··· Data for analysis

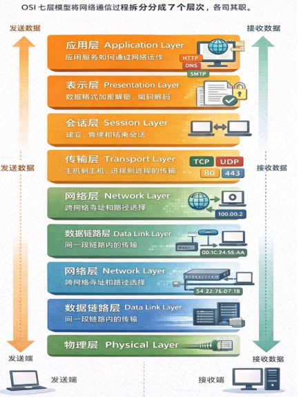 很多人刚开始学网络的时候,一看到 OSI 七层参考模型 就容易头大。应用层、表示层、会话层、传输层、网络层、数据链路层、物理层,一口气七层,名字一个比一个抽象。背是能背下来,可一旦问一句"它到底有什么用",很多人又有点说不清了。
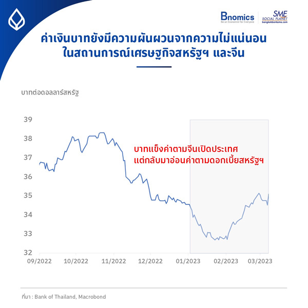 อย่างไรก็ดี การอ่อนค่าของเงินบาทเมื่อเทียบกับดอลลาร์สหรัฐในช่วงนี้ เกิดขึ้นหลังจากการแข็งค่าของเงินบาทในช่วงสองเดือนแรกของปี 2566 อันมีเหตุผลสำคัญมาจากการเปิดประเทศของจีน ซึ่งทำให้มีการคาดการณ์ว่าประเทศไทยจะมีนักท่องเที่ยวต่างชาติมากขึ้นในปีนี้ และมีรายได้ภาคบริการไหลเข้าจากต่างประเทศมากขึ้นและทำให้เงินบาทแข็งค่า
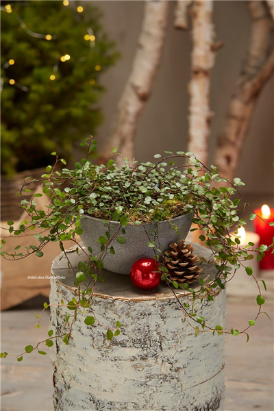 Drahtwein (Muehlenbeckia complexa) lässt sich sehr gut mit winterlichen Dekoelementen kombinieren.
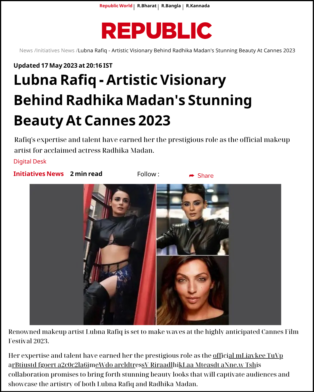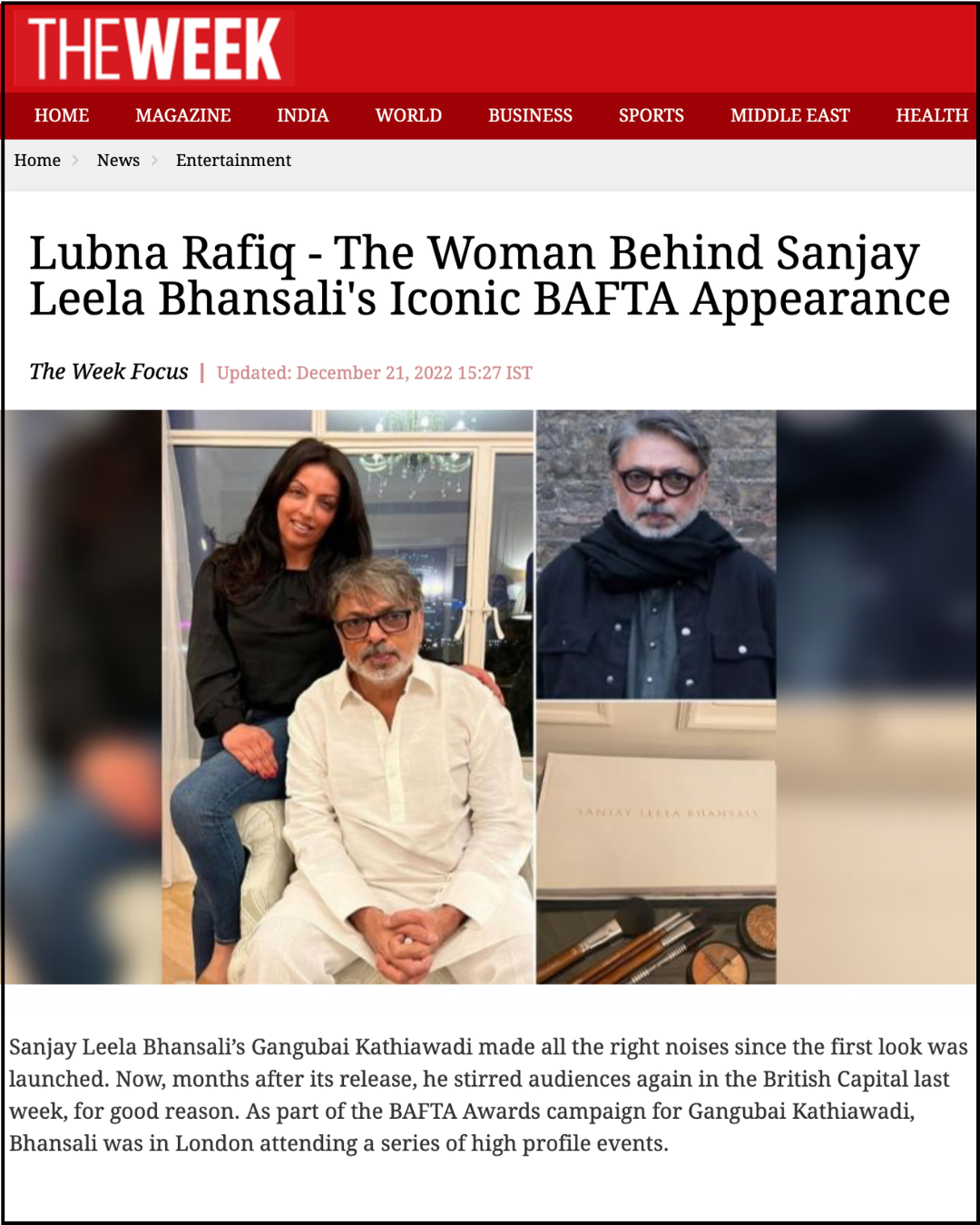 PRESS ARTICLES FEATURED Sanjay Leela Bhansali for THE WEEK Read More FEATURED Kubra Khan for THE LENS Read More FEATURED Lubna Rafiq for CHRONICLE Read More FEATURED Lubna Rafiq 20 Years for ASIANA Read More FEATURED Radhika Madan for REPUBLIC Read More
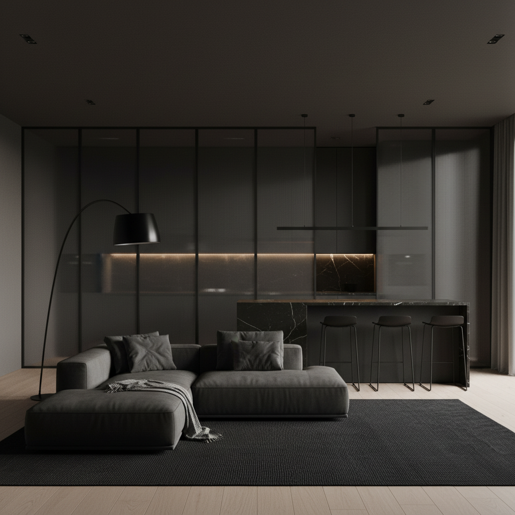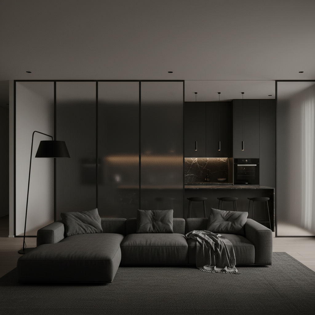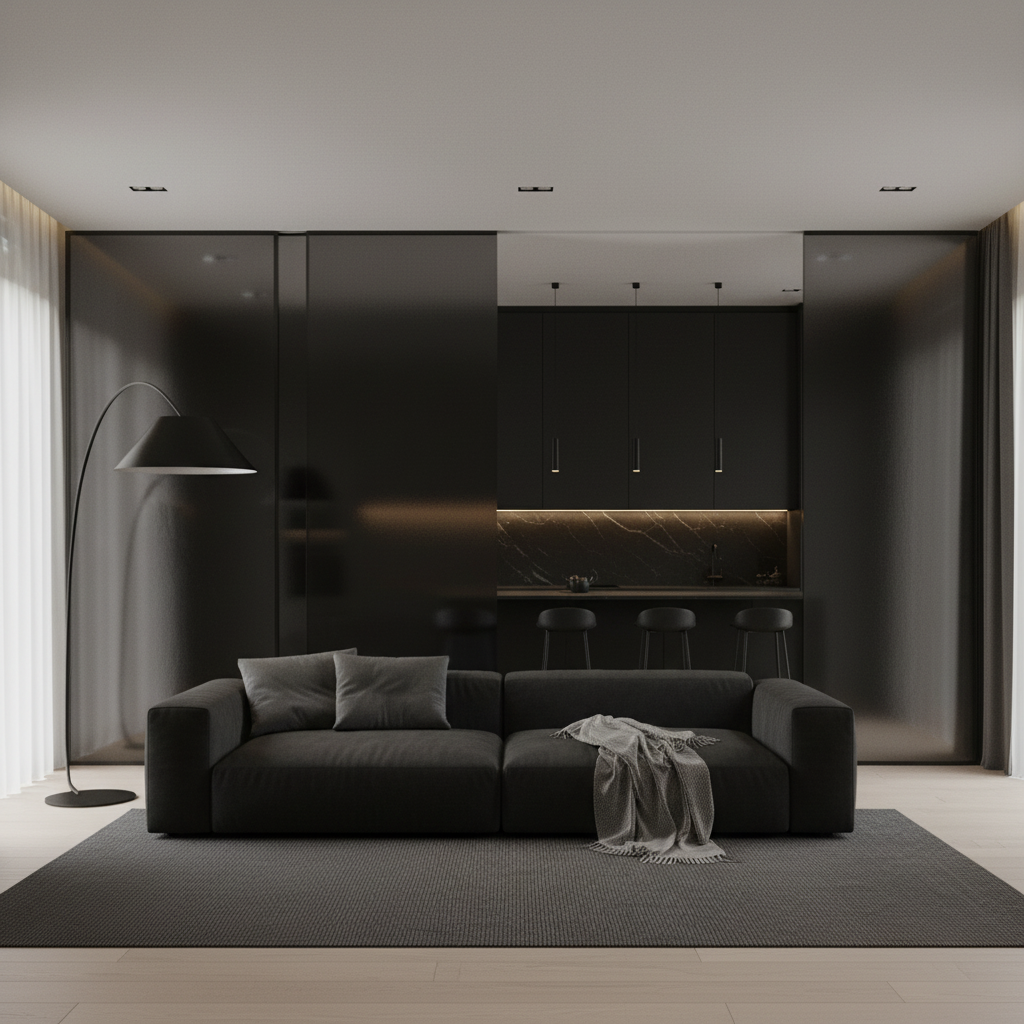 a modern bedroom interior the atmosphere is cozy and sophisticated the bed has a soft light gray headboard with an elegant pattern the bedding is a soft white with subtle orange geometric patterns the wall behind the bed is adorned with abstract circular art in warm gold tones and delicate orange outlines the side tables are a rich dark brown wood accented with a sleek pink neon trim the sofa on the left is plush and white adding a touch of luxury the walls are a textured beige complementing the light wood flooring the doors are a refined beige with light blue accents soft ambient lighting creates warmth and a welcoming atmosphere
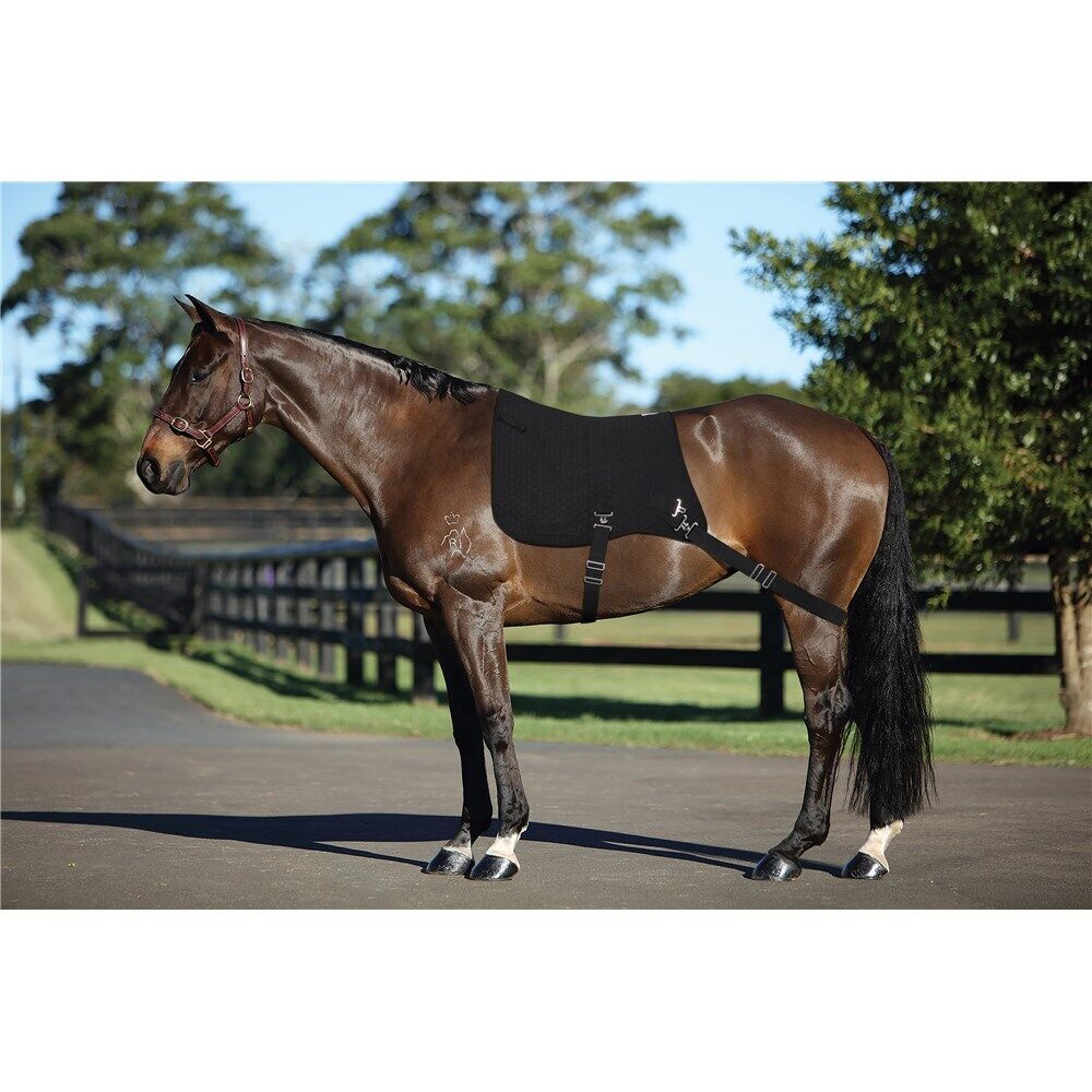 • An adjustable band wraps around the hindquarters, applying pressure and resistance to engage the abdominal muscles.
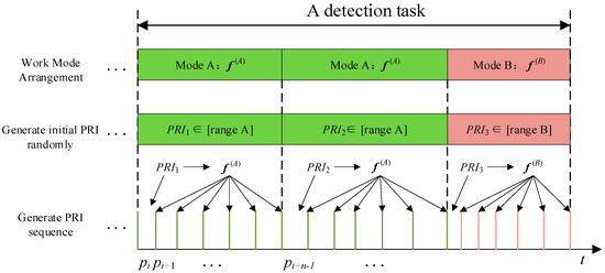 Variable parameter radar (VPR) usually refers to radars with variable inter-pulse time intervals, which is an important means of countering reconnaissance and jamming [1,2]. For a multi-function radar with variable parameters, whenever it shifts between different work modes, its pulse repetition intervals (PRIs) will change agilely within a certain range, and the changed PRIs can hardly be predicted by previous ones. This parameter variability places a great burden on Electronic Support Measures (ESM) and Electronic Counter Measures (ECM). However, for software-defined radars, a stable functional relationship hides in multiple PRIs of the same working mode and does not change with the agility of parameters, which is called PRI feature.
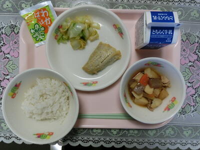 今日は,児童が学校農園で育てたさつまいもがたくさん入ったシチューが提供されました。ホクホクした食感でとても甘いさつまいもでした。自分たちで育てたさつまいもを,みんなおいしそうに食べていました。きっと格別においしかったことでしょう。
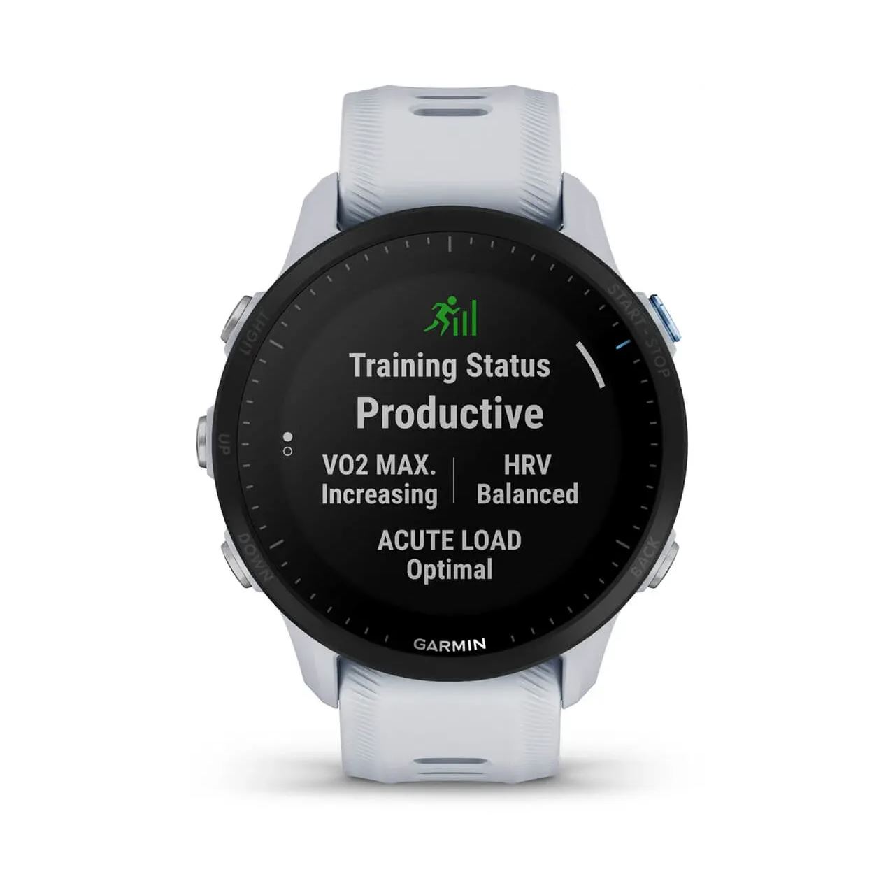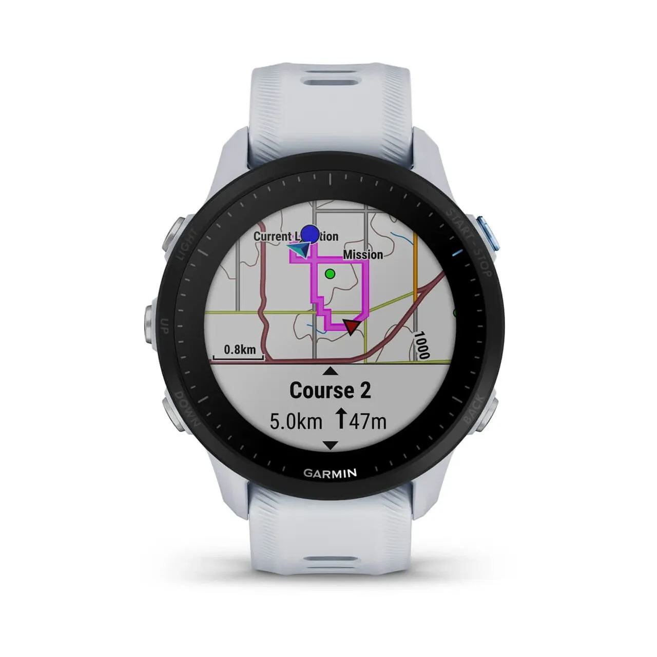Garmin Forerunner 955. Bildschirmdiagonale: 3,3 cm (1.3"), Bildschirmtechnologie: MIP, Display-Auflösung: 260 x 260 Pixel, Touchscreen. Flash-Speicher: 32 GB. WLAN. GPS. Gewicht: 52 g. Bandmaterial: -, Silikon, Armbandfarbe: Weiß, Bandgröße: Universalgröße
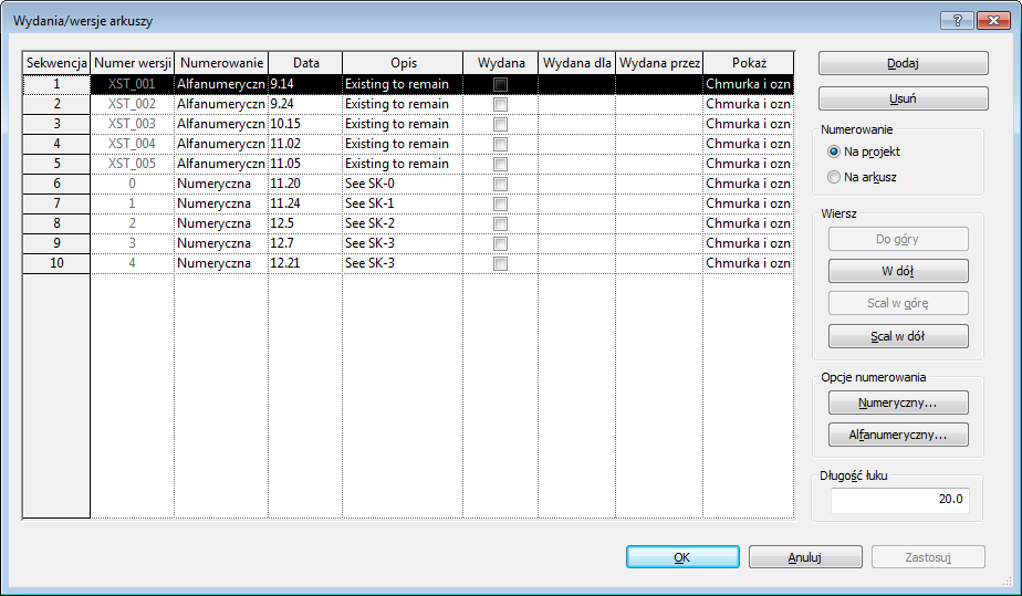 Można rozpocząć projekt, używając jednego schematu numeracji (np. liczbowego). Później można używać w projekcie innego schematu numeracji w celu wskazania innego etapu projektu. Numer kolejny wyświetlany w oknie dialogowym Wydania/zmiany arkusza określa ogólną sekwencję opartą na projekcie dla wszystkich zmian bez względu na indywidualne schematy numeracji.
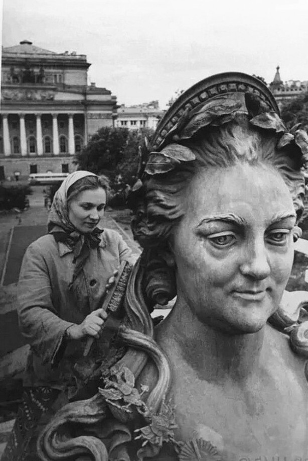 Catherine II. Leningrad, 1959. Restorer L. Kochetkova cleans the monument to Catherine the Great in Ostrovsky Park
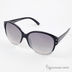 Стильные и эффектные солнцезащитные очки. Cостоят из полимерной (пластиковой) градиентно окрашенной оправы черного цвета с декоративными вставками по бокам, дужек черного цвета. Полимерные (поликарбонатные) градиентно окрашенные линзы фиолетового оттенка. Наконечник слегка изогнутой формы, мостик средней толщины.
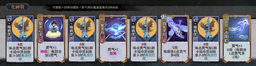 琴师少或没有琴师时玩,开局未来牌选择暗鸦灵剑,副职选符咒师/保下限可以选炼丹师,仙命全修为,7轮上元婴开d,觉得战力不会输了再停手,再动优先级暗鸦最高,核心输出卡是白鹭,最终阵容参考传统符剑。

······

## [Try it]
Each record is to be written out exactly. No picture goes in.

## [Exercise output]
 很多人刚开始学网络的时候,一看到 OSI 七层参考模型 就容易头大。应用层、表示层、会话层、传输层、网络层、数据链路层、物理层,一口气七层,名字一个比一个抽象。背是能背下来,可一旦问一句"它到底有什么用",很多人又有点说不清了。
 อย่างไรก็ดี การอ่อนค่าของเงินบาทเมื่อเทียบกับดอลลาร์สหรัฐในช่วงนี้ เกิดขึ้นหลังจากการแข็งค่าของเงินบาทในช่วงสองเดือนแรกของปี 2566 อันมีเหตุผลสำคัญมาจากการเปิดประเทศของจีน ซึ่งทำให้มีการคาดการณ์ว่าประเทศไทยจะมีนักท่องเที่ยวต่างชาติมากขึ้นในปีนี้ และมีรายได้ภาคบริการไหลเข้าจากต่างประเทศมากขึ้นและทำให้เงินบาทแข็งค่า
 Drahtwein (Muehlenbeckia complexa) lässt sich sehr gut mit winterlichen Dekoelementen kombinieren.
 PRESS ARTICLES FEATURED Sanjay Leela Bhansali for THE WEEK Read More FEATURED Kubra Khan for THE LENS Read More FEATURED Lubna Rafiq for CHRONICLE Read More FEATURED Lubna Rafiq 20 Years for ASIANA Read More FEATURED Radhika Madan for REPUBLIC Read More
 a modern bedroom interior the atmosphere is cozy and sophisticated the bed has a soft light gray headboard with an elegant pattern the bedding is a soft white with subtle orange geometric patterns the wall behind the bed is adorned with abstract circular art in warm gold tones and delicate orange outlines the side tables are a rich dark brown wood accented with a sleek pink neon trim the sofa on the left is plush and white adding a touch of luxury the walls are a textured beige complementing the light wood flooring the doors are a refined beige with light blue accents soft ambient lighting creates warmth and a welcoming atmosphere
 • An adjustable band wraps around the hindquarters, applying pressure and resistance to engage the abdominal muscles.
 Variable parameter radar (VPR) usually refers to radars with variable inter-pulse time intervals, which is an important means of countering reconnaissance and jamming [1,2]. For a multi-function radar with variable parameters, whenever it shifts between different work modes, its pulse repetition intervals (PRIs) will change agilely within a certain range, and the changed PRIs can hardly be predicted by previous ones. This parameter variability places a great burden on Electronic Support Measures (ESM) and Electronic Counter Measures (ECM). However, for software-defined radars, a stable functional relationship hides in multiple PRIs of the same working mode and does not change with the agility of parameters, which is called PRI feature.
 今日は,児童が学校農園で育てたさつまいもがたくさん入ったシチューが提供されました。ホクホクした食感でとても甘いさつまいもでした。自分たちで育てたさつまいもを,みんなおいしそうに食べていました。きっと格別においしかったことでしょう。
Garmin Forerunner 955. Bildschirmdiagonale: 3,3 cm (1.3"), Bildschirmtechnologie: MIP, Display-Auflösung: 260 x 260 Pixel, Touchscreen. Flash-Speicher: 32 GB. WLAN. GPS. Gewicht: 52 g. Bandmaterial: -, Silikon, Armbandfarbe: Weiß, Bandgröße: Universalgröße
 Można rozpocząć projekt, używając jednego schematu numeracji (np. liczbowego). Później można używać w projekcie innego schematu numeracji w celu wskazania innego etapu projektu. Numer kolejny wyświetlany w oknie dialogowym Wydania/zmiany arkusza określa ogólną sekwencję opartą na projekcie dla wszystkich zmian bez względu na indywidualne schematy numeracji.
 Catherine II. Leningrad, 1959. Restorer L. Kochetkova cleans the monument to Catherine the Great in Ostrovsky Park
 Стильные и эффектные солнцезащитные очки. Cостоят из полимерной (пластиковой) градиентно окрашенной оправы черного цвета с декоративными вставками по бокам, дужек черного цвета. Полимерные (поликарбонатные) градиентно окрашенные линзы фиолетового оттенка. Наконечник слегка изогнутой формы, мостик средней толщины.
 琴师少或没有琴师时玩,开局未来牌选择暗鸦灵剑,副职选符咒师/保下限可以选炼丹师,仙命全修为,7轮上元婴开d,觉得战力不会输了再停手,再动优先级暗鸦最高,核心输出卡是白鹭,最终阵容参考传统符剑。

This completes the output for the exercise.